Working with the materials, children take things apart, put them back together, and think about what these relationships mean. This gives them practice with analysis, synthesis, and evaluation. It leads to mature questioning, research, and true creativity when they put things back together in new ways. The youngest children in the environment catch on to the enthusiasm of the older ones as they make discoveries and reach toward more sophisticated materials, while enjoying their own pursuits and ‘games.’ The Montessori classroom provides opportunities for exploring and refining all senses. Overstimulation is curbed because all the material is purposeful and assists with isolating and mastering control of one’s senses.
The child is a “sensorial explorer”. ~Maria Montessori
Through work with the sensorial materials, the child is given the keys to classifying things around them, which leads to the child making their own experiences in the environment. Through the classification, the child is also offered the first steps in organizing their intelligence, which then leads to them adapting to their environment.
Children from birth to age six are in a ‘sensitive period,’ exploring the world through their senses. By the careful selection of items of different textures, colors, sizes, and geometric shapes, children will discover relationships. Sensorial experiences indirectly prepare children for future exploration of languages, mathematics, geometry, art, and music.
Studies prove that the years from three to six are the most critical period for nurturing a child’s natural curiosity and for laying the foundation for all future development. The primary aged child possesses a remarkable ability to experience and absorb the world.
The Pink Tower
A classic activity in a Montessori preschool classroom is the pink tower. The series of cubes develops visual discrimination of size in three dimensions. Exploration with this material prepares a child for mathematical concepts in the decimal system, geometry, and volume.

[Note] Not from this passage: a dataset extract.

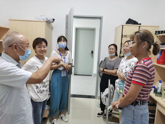 在西园宿舍,谭院长和刘婧娜老师一起走访了研究生宿舍,询问同学的生活情况,了解同学们的科研规划等。
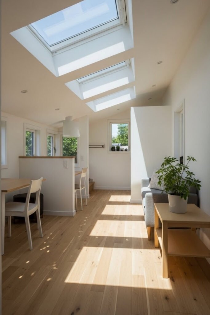A skylight-driven small house relies on roof openings to flood the interior with natural light. This reduces the need for large windows and helps maintain privacy on tight lots.

The trinomial cube is a concrete representation of the algebraic formula (a+b+c)3. The factors of the equation are represented by the cubes and prisms. The primary Montessori child explores the trinomial cube as a sensorial activity of visual discrimination of color and form. This indirect preparation for algebra prepares the child for the elementary Montessori class.
In the tactile sense exercises, the child learns through his sense of touch. “Although the sense of touch is spread throughout the surface of the body, the Exercises given to the children are limited to the tips of the fingers, and particularly, to those of the dominant hand,” M. Montessori. This allows the child to focus on what they feel, through a concentration of a small part of their body.
Sensorial materials offer individual work and repetition opportunities, and allows children to classify their sensorial impressions in an organized orderly, and scientific manner. They have a built in control of error, which is conducive to the habit of working independently, without fear of making mistakes, becoming comfortable in the fact that errors are essential to the process of learning and discovery.
The special importance of the sense of hearing comes from the fact that it is the sense organ connected with speech, therefore, to train the child’s attention to follow sounds and noises which are produced in the environment, to recognize them and to discriminate between them is to prepare their attention to follow more accurately the sounds of articulate language,” M. Montessori.
In the auditory sense exercises, the child discriminates between sounds. In doing these different exercises, the child will refine and become more sensitive to sounds in the environment.